Sie hat zwar keine rechtliche Verbindlichkeit, ist jedoch die einzige Erklärung, die ich ausschließlich dem Schutz von Minderheitenrechten widmet und diese präzisiert. Sie bezieht sich direkt auf Art. 27 des Internationalen Pakts über bürgerliche und politische Rechte: “In Staaten mit ethnischen, religiösen oder sprachlichen Minderheiten darf Angehörigen solcher Minderheiten nicht das Recht vorenthalten werden, gemeinsam mit anderen Angehörigen ihrer Gruppe ihr eigenes kulturelles Leben zu pflegen, ihre eigene Religion zu bekennen und auszuüben oder sich ihrer eigenen Sprache zu bedienen.”

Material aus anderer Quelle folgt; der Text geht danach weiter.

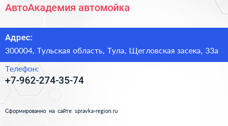 АвтоАкадемия, автомойка по адресу 300004, Тульская область, Тула, Щегловская засека, 33а в дальнейшем Организация, размещена в следующих категориях:
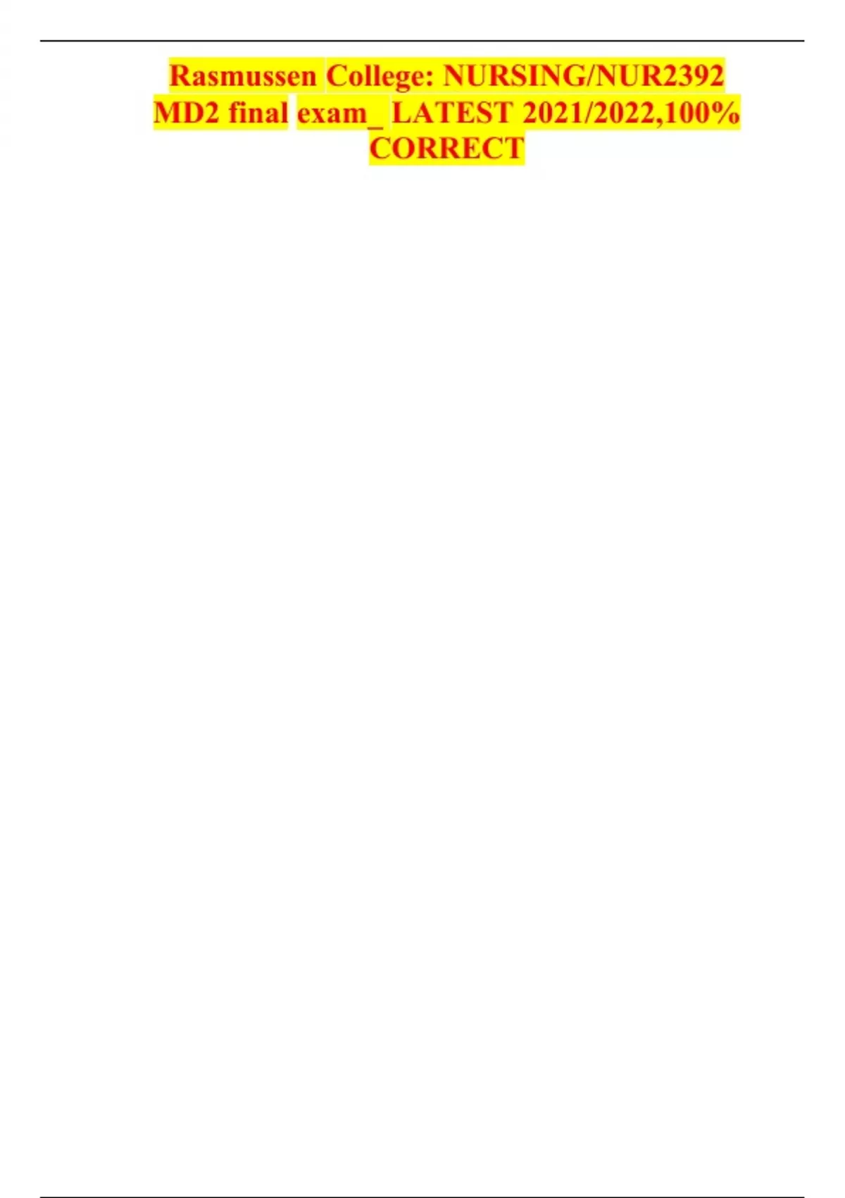 Rasmussen College: NURSING/NUR2392 MD2 final exam_ LATEST 2021/2022,100% CORRECT
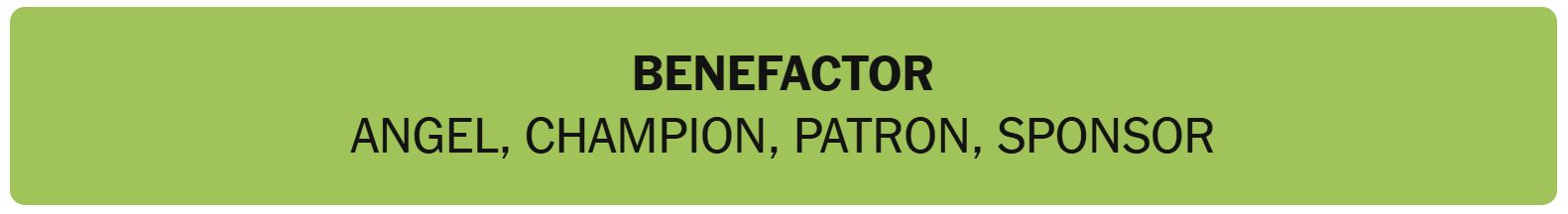 - BENEFACTOR – ANGEL, CHAMPION, PATRON, SPONSOR
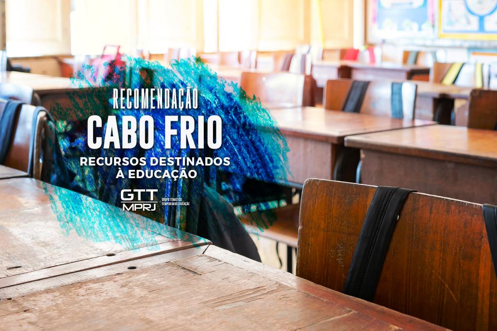 O Ministério Público do Estado do Rio de Janeiro (MPRJ), por meio do Grupo Temático Temporário de Educação (GTT Educação/MPRJ), expediu, na segunda-feira (12/09), recomendação voltada ao Prefeito do Município de Cabo Frio, José Bonifácio Ferreira Novellino, às secretárias municipais de Fazenda, Daniella Mendes, e de Educação, Elicéa da Silveira, para que adotem medidas administrativas relacionadas aos custeios de ações de manutenção e desenvolvimento da rede municipal de ensino.
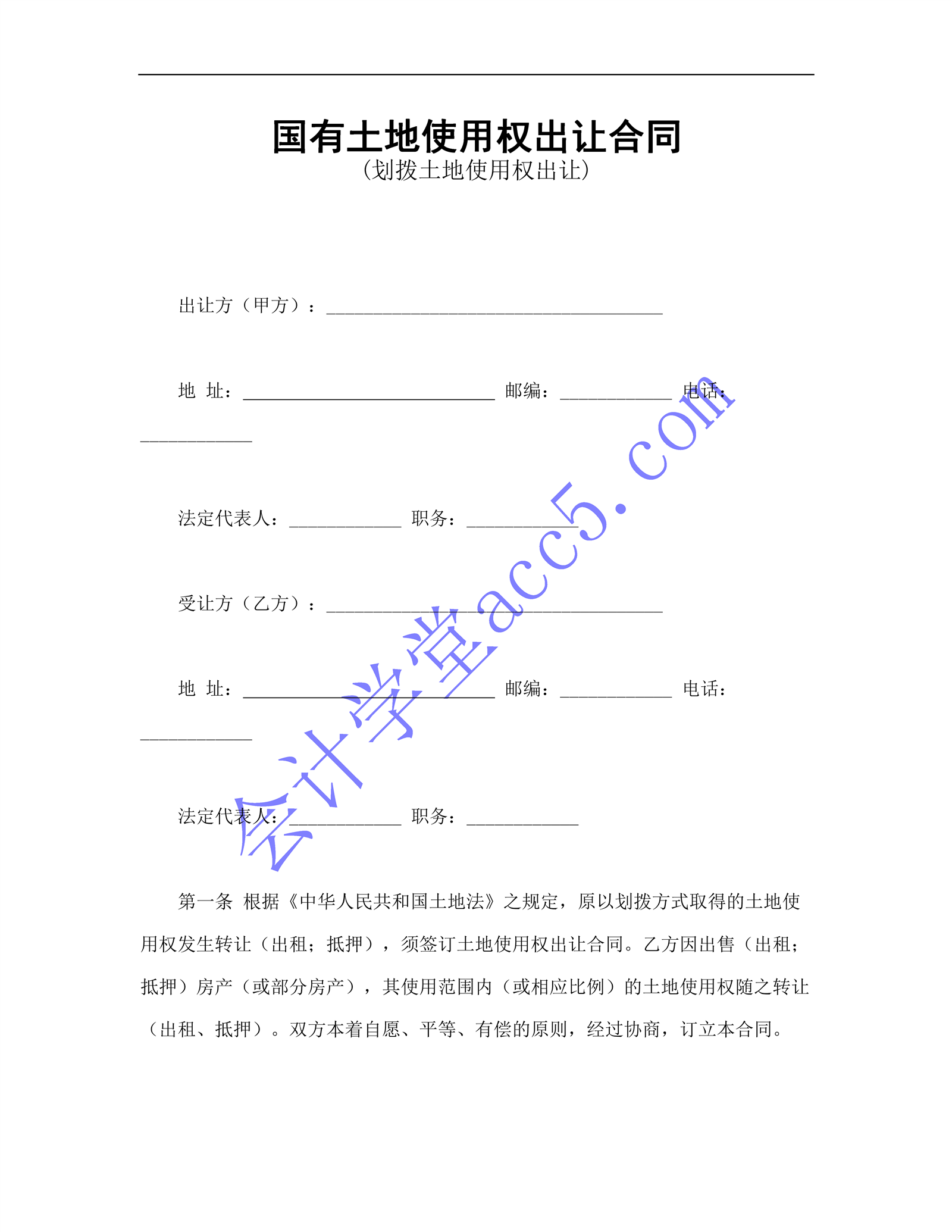 国有土地使用权出让合同介绍:
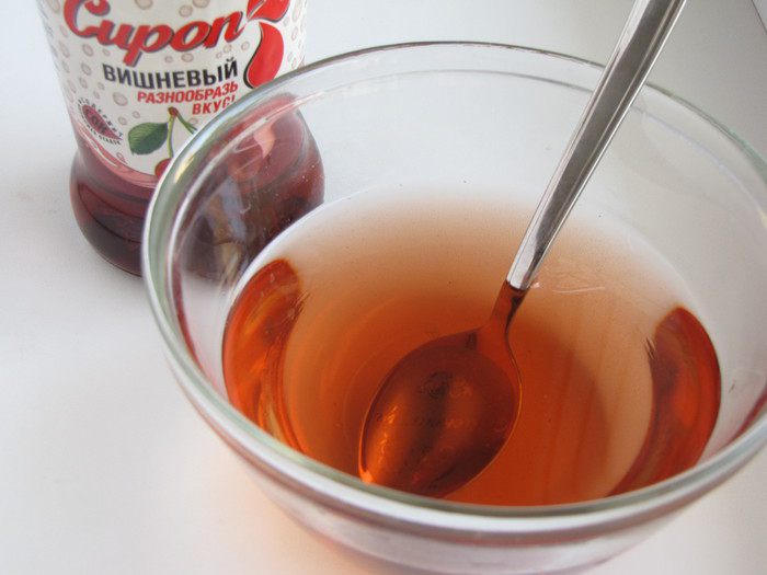 Вишневый сироп развести в воде и пропитать им коржи. Сладость пропитки можно регулировать по вкусу.
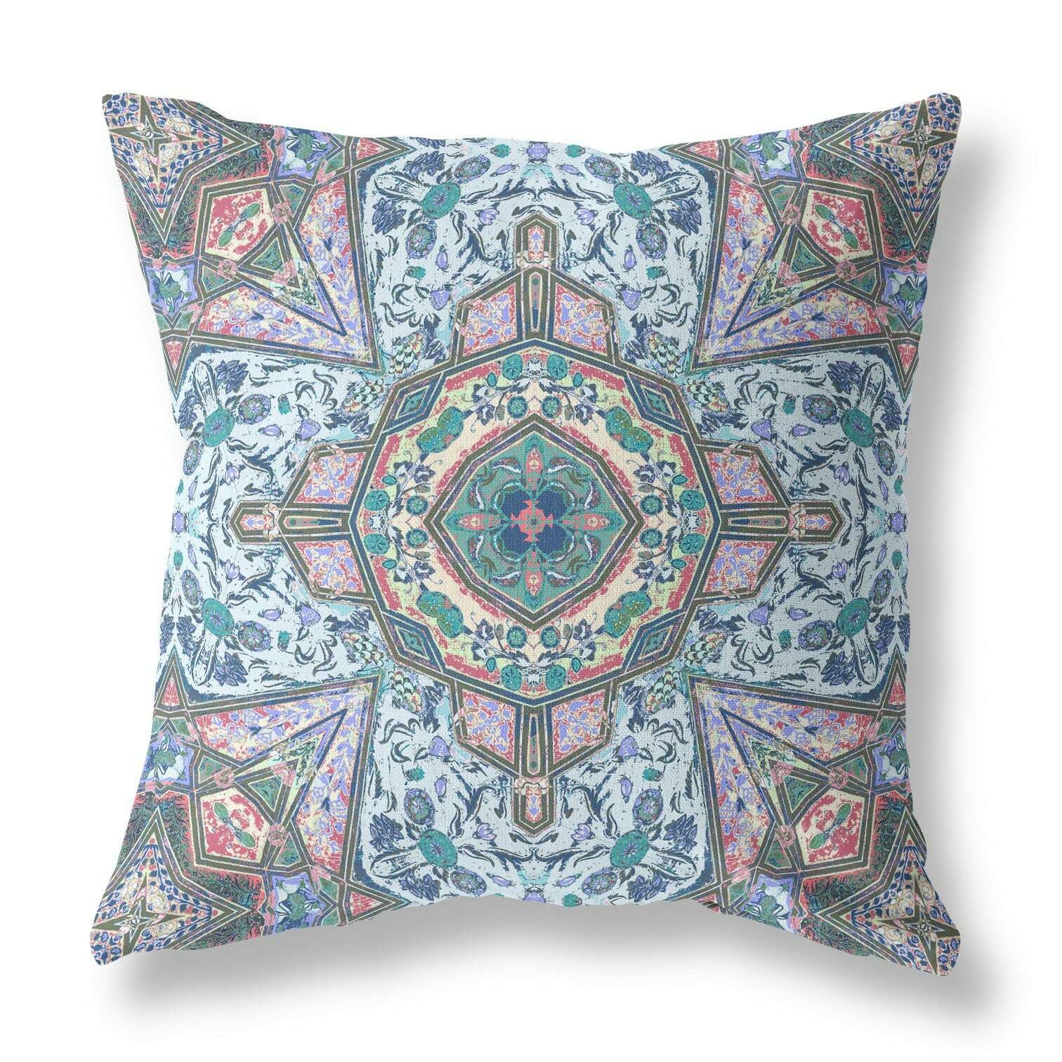 Combining a modern palette with traditional motifs, this stunning Pale Blue Pink Medallion Indoor Outdoor Throw Pillow is a new take on classic designs to suit modern décor needs perfectly. The use of soft blue and pink tones creates a mesmerizing floral medallion in a subtle contrast that is bound to stun the guests in awe. Made with the finest broadcloth fabric, the pillow boasts longevity and sturdiness, ideal for both indoor and outdoor use. The plush look and fluffy nature come from the regular polyfill insert that provides a comfortable platform for your head and neck to maximize relaxation. The beautiful print work is made of the highest quality to ensure the pristine look stays perfect for years to come. Pair this decorative throw pillow with bold or bright decors and it will seamlessly blend into a wide variety of setting while adding a sense of calm and comfort to the room. 16” x 16” x 5”
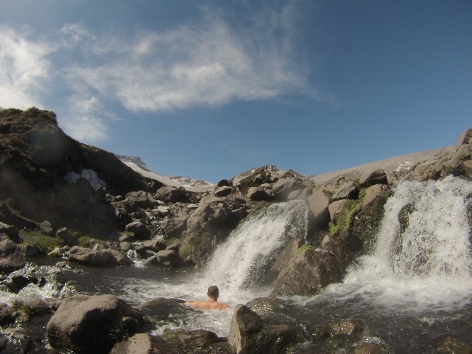 Duas noites acampando em um ambiente nevado e ao lado de um rio termal. Frequentado por chilenos e pouco explorado por estrangeiros.
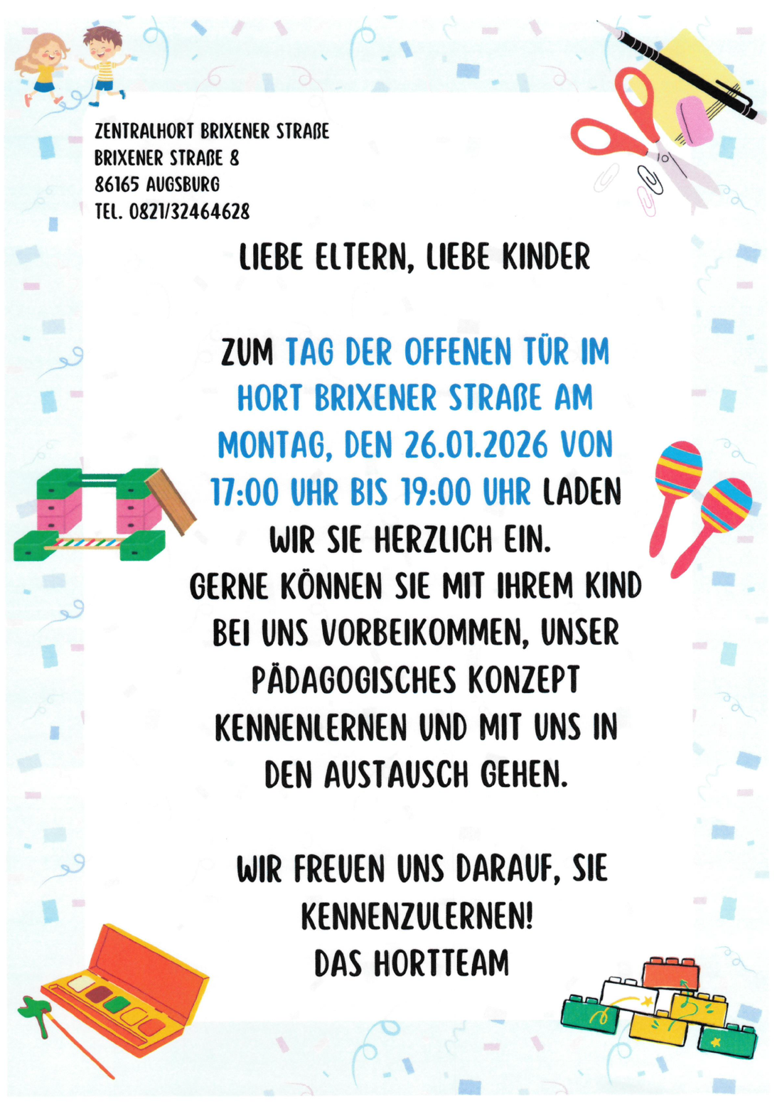 Der Tag der offenen Tür der städtischen Kita Zentralhort Brixener Straße findet am 26.01.2026 von 17.00 bis 19.00 Uhr statt. Wir laden Eltern mit Ihren Kindern ein! Einladung (PDF)
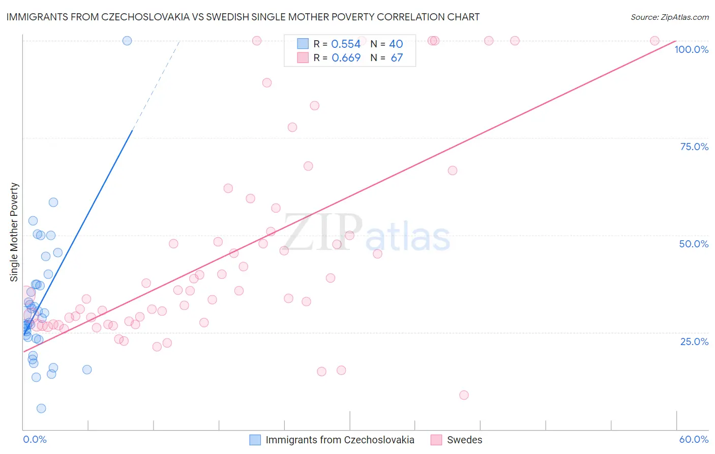 Immigrants from Czechoslovakia vs Swedish Single Mother Poverty Correlation Chart
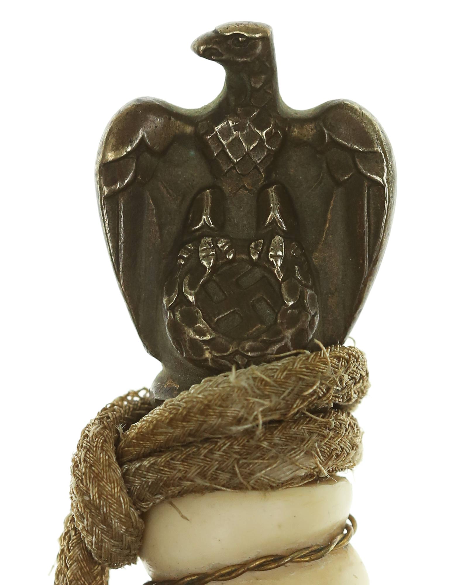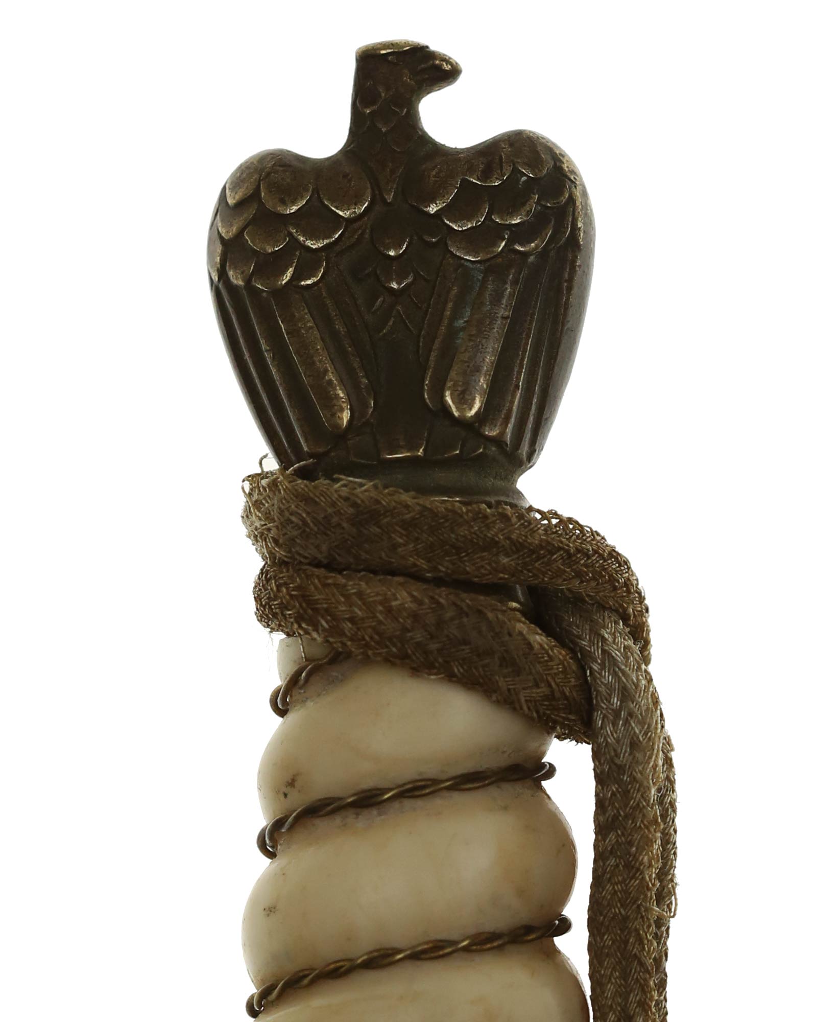Рукоять: Рукоять овального сечения, бочкообразная, из пластика. По спиральному желобку рукоять обвита стальной проволокой. Головка рукояти выполнена в виде орла, держащего в лапах венок с изображением свастики. В центре крестовины имеется кнопка пружинной защёлки фиксатора кортика в ножнах.
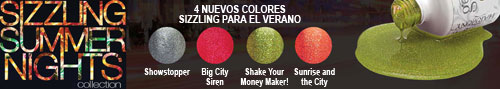 Las noches de verano de 2012 serán recordadas por la sugerente y atractiva colección Sizzling Summer Nights. Los cuatro nuevos y brillantes Gelish Soak-Off Gel de Harmony dibujan unas espectaculares uñas, realzando manos y pies. Concebidos para una mujer de bandera, que brilla por donde pasa.

Die Erklärung erkennt an, dass Angehörige von Minderheiten eines besonderen Schutzes bedürfen. Dabei werden insbesondere die Selbstbestimmungsrechte von Minderheiten präzisiert. Angehörigen von Minderheiten haben das Recht, ihr eigenes kulturelles Leben auszuüben und ihre nationale, ethnische, religiöse und sprachliche Identität zu erlernen, auszuüben bzw. zu sprechen. Wenn möglich soll dies auch in der Schulbildung gefördert werden. Staaten sind angehalten die Minderheiten in ihrem Staatsgebiet zu schützen und darin zu unterstützen, ihre eigene Identität und kulturelles Leben wahren zu können. Art 5 und Art 6 räumen Minderheiten ein Mitspracherecht, insbesondere in Dingen, die sie betreffen, ein und Staaten sind angehalten die Interessen der Minderheiten in Projekten und staatlichen Maßnahmen angemessen zu berücksichtigen.